A Survey on Security and Privacy Issues of Bitcoin

Bitcoin is a popular cryptocurrency that records all transactions in a distributed append-only public ledger called blockchain. The security of Bitcoin heavily relies on the incentive-compatible proof-of-work (PoW) based distributed consensus protocol, which is run by the network nodes called miners. In exchange for the incentive, the miners are expected to maintain the blockchain honestly. Since its launch in 2009, Bitcoin economy has grown at an enormous rate, and it is now worth about 150 billions of dollars. This exponential growth in the market value of bitcoins motivate adversaries to exploit weaknesses for profit, and researchers to discover new vulnerabilities in the system, propose countermeasures, and predict upcoming trends. In this paper, we present a systematic survey that covers the security and privacy aspects of Bitcoin. We start by giving an overview of the Bitcoin system and its major components along with their functionality and interactions within the system. We review the existing vulnerabilities in Bitcoin and its major underlying technologies such as blockchain and PoW-based consensus protocol.

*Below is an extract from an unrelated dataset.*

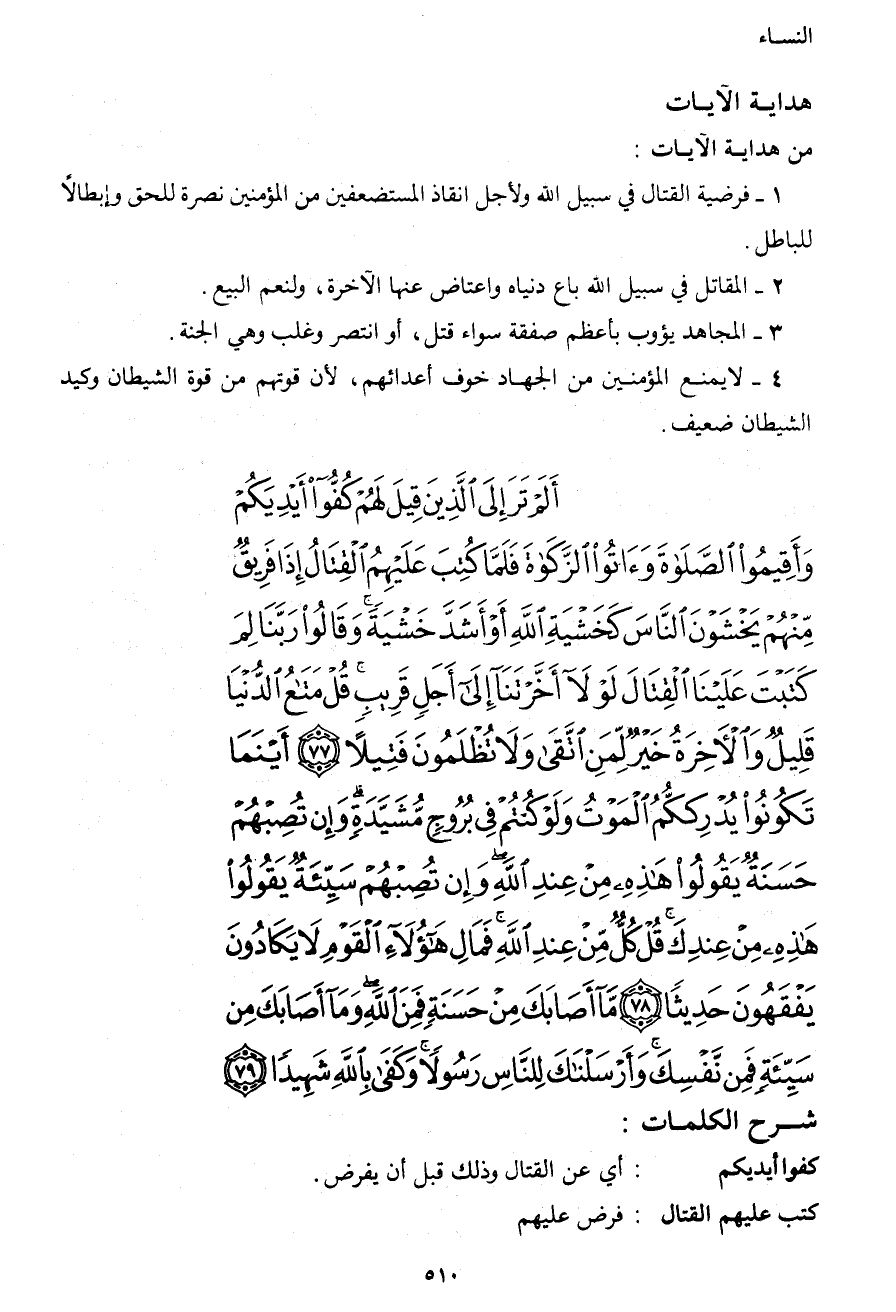 {أَلَمْ تَرَ إِلَى الَّذِينَ قِيلَ لَهُمْ كُفُّوا أَيْدِيَكُمْ وَأَقِيمُوا الصَّلاةَ وَآتُوا الزَّكَاةَ فَلَمَّا كُتِبَ عَلَيْهِمُ الْقِتَالُ إِذَا فَرِيقٌ مِنْهُمْ يَخْشَوْنَ النَّاسَ كَخَشْيَةِ اللهِ أَوْ أَشَدَّ خَشْيَةً وَقَالُوا رَبَّنَا لِمَ كَتَبْتَ عَلَيْنَا الْقِتَالَ لَوْلا أَخَّرْتَنَا إِلَى أَجَلٍ قَرِيبٍ قُلْ مَتَاعُ الدُّنْيَا قَلِيلٌ وَالآخِرَةُ خَيْرٌ لِمَنِ اتَّقَى وَلا تُظْلَمُونَ فَتِيلاً (77) أَيْنَمَا تَكُونُوا يُدْرِكْكُمُ الْمَوْتُ وَلَوْ كُنْتُمْ فِي بُرُوجٍ مُشَيَّدَةٍ وَإِنْ تُصِبْهُمْ حَسَنَةٌ يَقُولُوا هَذِهِ مِنْ عِنْدِ اللهِ وَإِنْ تُصِبْهُمْ سَيِّئَةٌ يَقُولُوا هَذِهِ مِنْ عِنْدِكَ قُل كُلٌّ مِنْ عِنْدِ اللهِ فَمَالِ هَؤُلاءِ الْقَوْمِ لا يَكَادُونَ يَفْقَهُونَ حَدِيثاً (78) مَا أَصَابَكَ مِنْ حَسَنَةٍ فَمِنَ اللهِ وَمَا أَصَابَكَ مِنْ سَيِّئَةٍ فَمِنْ نَفْسِكَ وَأَرْسَلْنَاكَ لِلنَّاسِ رَسُولاً وَكَفَى بِاللهِ شَهِيداً (79) }
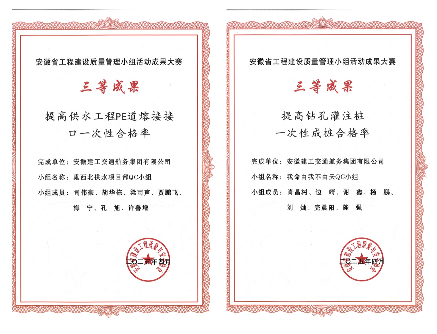 近日,2025 年安徽省工程建設(shè) QC 小組成果大賽評選結(jié)果揭曉。建工交航斬獲 2 項省級一等獎、9項省級二等獎、14項省級三等獎。

These vulnerabilities lead to the execution of various security threats to the standard functionality of Bitcoin. We then investigate the feasibility and robustness of the state-of-the-art security solutions. Additionally, we discuss the current anonymity considerations in Bitcoin and the privacy-related threats to Bitcoin users along with the analysis of the existing privacy-preserving solutions. Finally, we summarize the critical open challenges, and we suggest directions for future research towards provisioning stringent security and privacy solutions for Bitcoin.